Washington commits $150m to Littlejohn

Littlejohn’s fourth fund, which is targeting $1.3bn, invests in mid-market firms that are underperforming or financially distressed.

The $74 billion Washington State Investment Board is considering committing up to $150 million to Littlejohn’s fourth fund, which is targeting $1.3 billion.

The pension committee last week approved a commitment of up to $150 million, subject to final negotiations of terms and conditions, confirmed a spokesperson. The talks include negotiations over fees, the spokesperson said.

Other large public pension funds have made recent commitments to Fund IV. The Illinois Teachers’ Retirement System committed $75 million earlier this month, and the Maryland Retirement System committed $25 million to the fund last September.

Littlejohn acquires distressed companies with revenues ranging from $150 million to $800 million, according to the firm's website.

The Greenwich, Connecticut-based firm currently manages three funds with committed capital of $1.6 billion.

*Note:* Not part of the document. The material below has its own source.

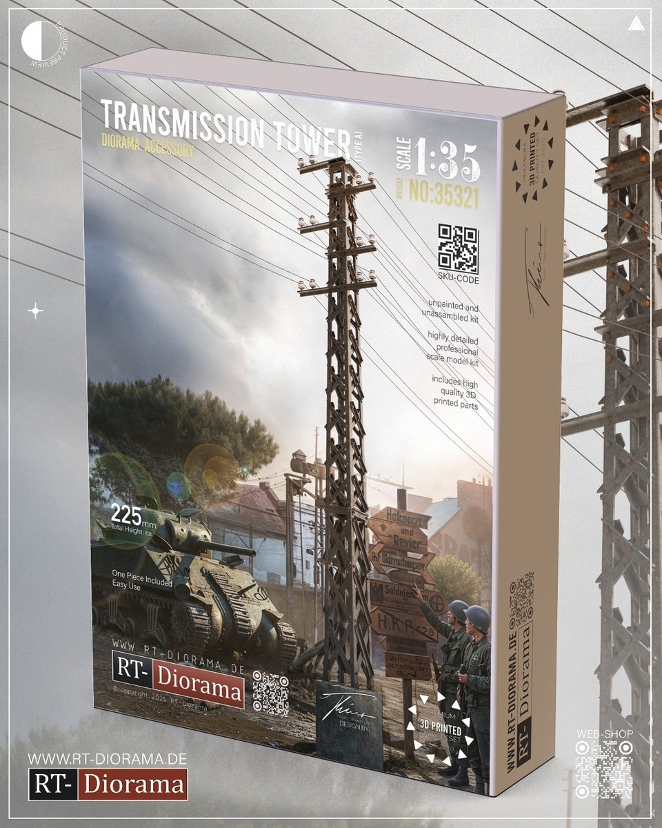 Немецкая RT-Diorama выпустила на 3D-принтере модели металлических столбов линии электропередач в масштабе 1/35: Transmission Tower (каталожный номер 35321)

Littlejohn’s Fund III was closed in 2005 with $650 million in committed capital. The firm raised an additional $200 million for that fund in 2007, after receiving approval from its limited partners to broaden its mandate to include non-control investments. The firm’s third fund was marketed predominantly to LPs that had invested in its previous fund, including public and corporate pensions, endowments, insurance companies and funds of funds.

Littlejohn Fund II closed in 2000 on $530 million; the firm’s first fund closed in 1997 on $205 million.

Littlejohn was founded in 1996 by Angus Littlejohn following his split from the New York-based private equity firm he co-founded in 1988, Joseph Littlejohn & Levy, which is now known as JLL Partners.